§ Your instructions:
Nothing but the lines from the first line of the records below to the line holding "Taffled Lampu Plafon" belongs in the answer, copied exactly and without pictures.

§ Data for this task:
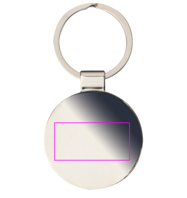 Tyylikäs metalliavainrengas, jossa on puinen sisäosa, johon logosi kaiverretaan.
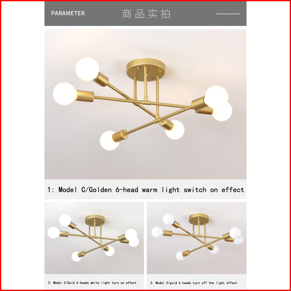 Taffled Lampu Plafon Modern Nordic Bisa Ganti Bohlam E27 Material Besi Model 6 Bohlam Light
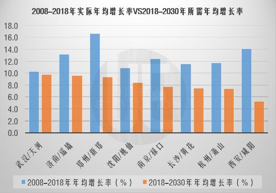 从年均增长率看,过去10年,8座城市机场都保持10%以上增长,其中郑州(16.6%)、西安(14.1%)尤为出彩。而根据2030年目标计算未来年均增长率,8座城市都低于10%,增速明显放缓。
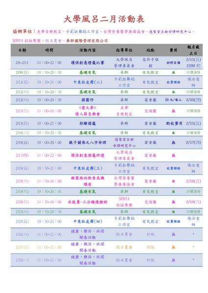 2月活動計畫表公佈了
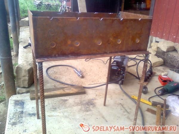 — листы железа толщиной 2-4 мм для изготовления корпуса и прутки или арматура (диаметром не менее 10 мм) для изготовления подставок-ножек;
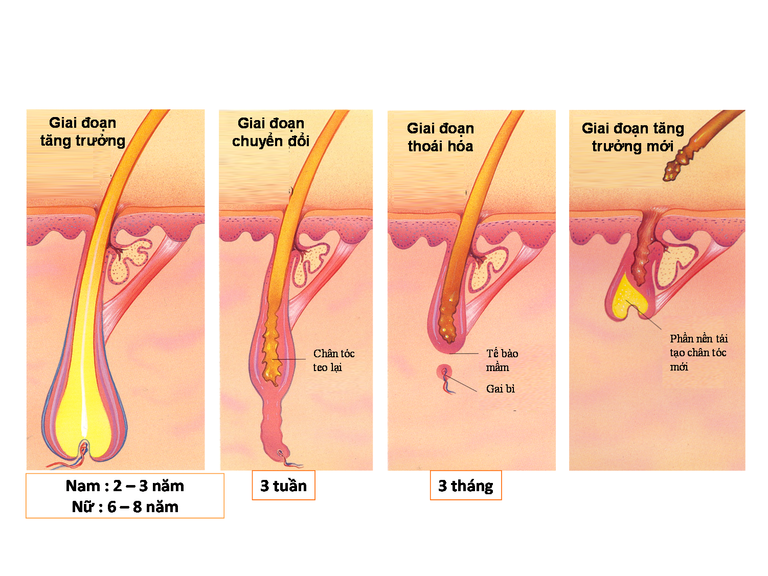 Vòng đời của tóc tuân theo 1 chu trình gồm 3 giai đoạn. Trung bình một đời người mỗi nang tóc trải qua khoảng 25 chu trình.

§ Response to this task:
 Tyylikäs metalliavainrengas, jossa on puinen sisäosa, johon logosi kaiverretaan.
 Taffled Lampu Plafon Modern Nordic Bisa Ganti Bohlam E27 Material Besi Model 6 Bohlam Light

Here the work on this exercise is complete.